Location: Children's Nutrition Research CenterTitle: IL-20 promotes epithelial healing of the injured mouse cornea
|ZHANG, WANYU - University Of Houston|
|MAGADI, SRI - University Of Houston|
|LI, ZHIJIE - Children'S Nutrition Research Center (CNRC)|
|SMITH, C WAYNE - Children'S Nutrition Research Center (CNRC)|
|BURNS, ALAN - University Of Houston|
Submitted to: Experimental Eye Research
Publication Type: Peer Reviewed Journal
Publication Acceptance Date: 11/2/2016
Publication Date: 11/3/2016
Citation: Zhang, W., Magadi, S., Li, Z., Smith, C., Burns, A.R. 2016. IL-20 promotes epithelial ealing of the injured mouse cornea. Experimental Eye Research. 154:22-29.
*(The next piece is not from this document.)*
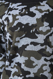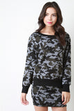 This sweater top features a round neckline, long sleeves, contrasting hems, camouflage design, and self-tie bows at open back. Accessory sold separately. 15% Cotton, 80% Polyester, 5% Spandex. Contrast: 100% Cotton.

Interpretive Summary: It is well known that diabetics are susceptible to progressive loss of normal clarity in the clear surface of the eye, the cornea. In order to understand how this happens, it is necessary to understand the mechanisms that normally keep the cornea healthy. This research paper reveals a previously unknown normal mechanism that plays an important role for for white blood cells in the cornea. These cells are very important for tissue repair during normal aging or after injury. The current study demonstrates in a mouse model of corneal wounds that injured corneal cells produce interleukin-20 (IL-20), a protein that is necessary for proper function of the activated white blood cells. This finding provides a basis for our future studies analyzing the effects of a diet that promotes diabetes on the production and function of IL-20 in the cornea.
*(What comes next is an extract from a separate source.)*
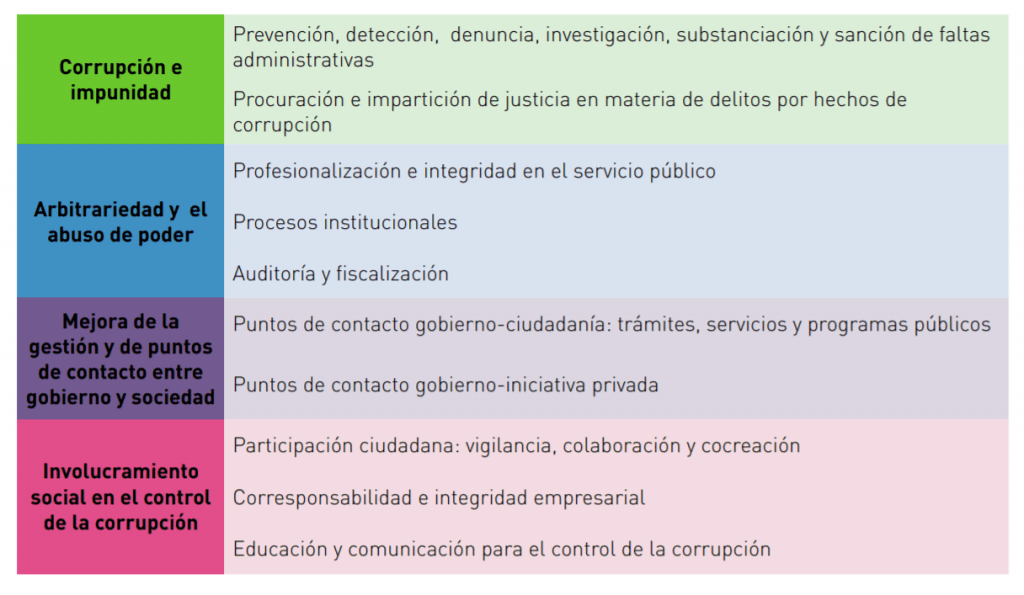 La Política Nacional Anticorrupción es un documento integrador establecido como obligatorio en la Ley General del Sistema Nacional Anticorrupción (LGSNA) con 4 ejes y 10 prioridades por eje, 40 prioridades de política pública con sus respectivos líderes de implementación que sirven de guía para el desarrollo de acciones concretas y proyectos específicos de intervención.

Technical Abstract: After corneal epithelial injury, the ensuing inflammatory response is necessary for efficient wound healing. While beneficial healing effects are attributed to recruited neutrophils and platelets, dysregulated inflammation (too little or too much) is associated with impaired wound healing. The purpose of this study was to use an established C57BL/6J mouse model of corneal injury to evaluate the potential modulatory role of interleukin-20 on the inflammatory and healing responses to epithelial wounding. In the uninjured cornea, immunofluorescence staining for interleukin-20 and its receptor, interleukin-20RA, was observed on basal epithelial cells at the limbus. After a 2mm central epithelial abrasion, interleukin-20 staining was also observed in stromal keratocytes and ELISA studies showed a significant increase (nearly 3-fold) in interleukin-20 expression. Injured corneas healed more slowly when treated with a topical application of a neutralizing anti-interleukin-20 antibody. While corneal epithelial cell division and epithelial nerve recovery measured at 24 h post-injury were reduced compared to controls, neutrophil influx into the cornea was increased. In contrast, topical application of recombinant interleukin-20 decreased corneal inflammation as evidenced by reductions in limbal vessel dilatation, platelet extravasation, neutrophil recruitment and CXCL1 expression. In wild type mice, topical recombinant interleukin-20 had a limited effect on corneal wound healing and resulted in only a slight increase in epithelial cell division and epithelial nerve recovery; the rate of wound closure was unaffected. To clarify the effect of interleukin-20 on corneal wound healing, recombinant interleukin-20 was topically applied to neutropenic wild type mice and mutant mice (delta T cell deficient mice and CD11a deficient mice), all of which have well characterized reductions in neutrophil recruitment and delayed wound healing after corneal injury. In each case, recombinant interleukin-20 restored corneal wound healing to baseline levels while neutrophil recruitment remained low. Thus, it appears that interleukin-20 plays a beneficial and direct role in corneal wound healing while negatively regulating neutrophil and platelet infiltration.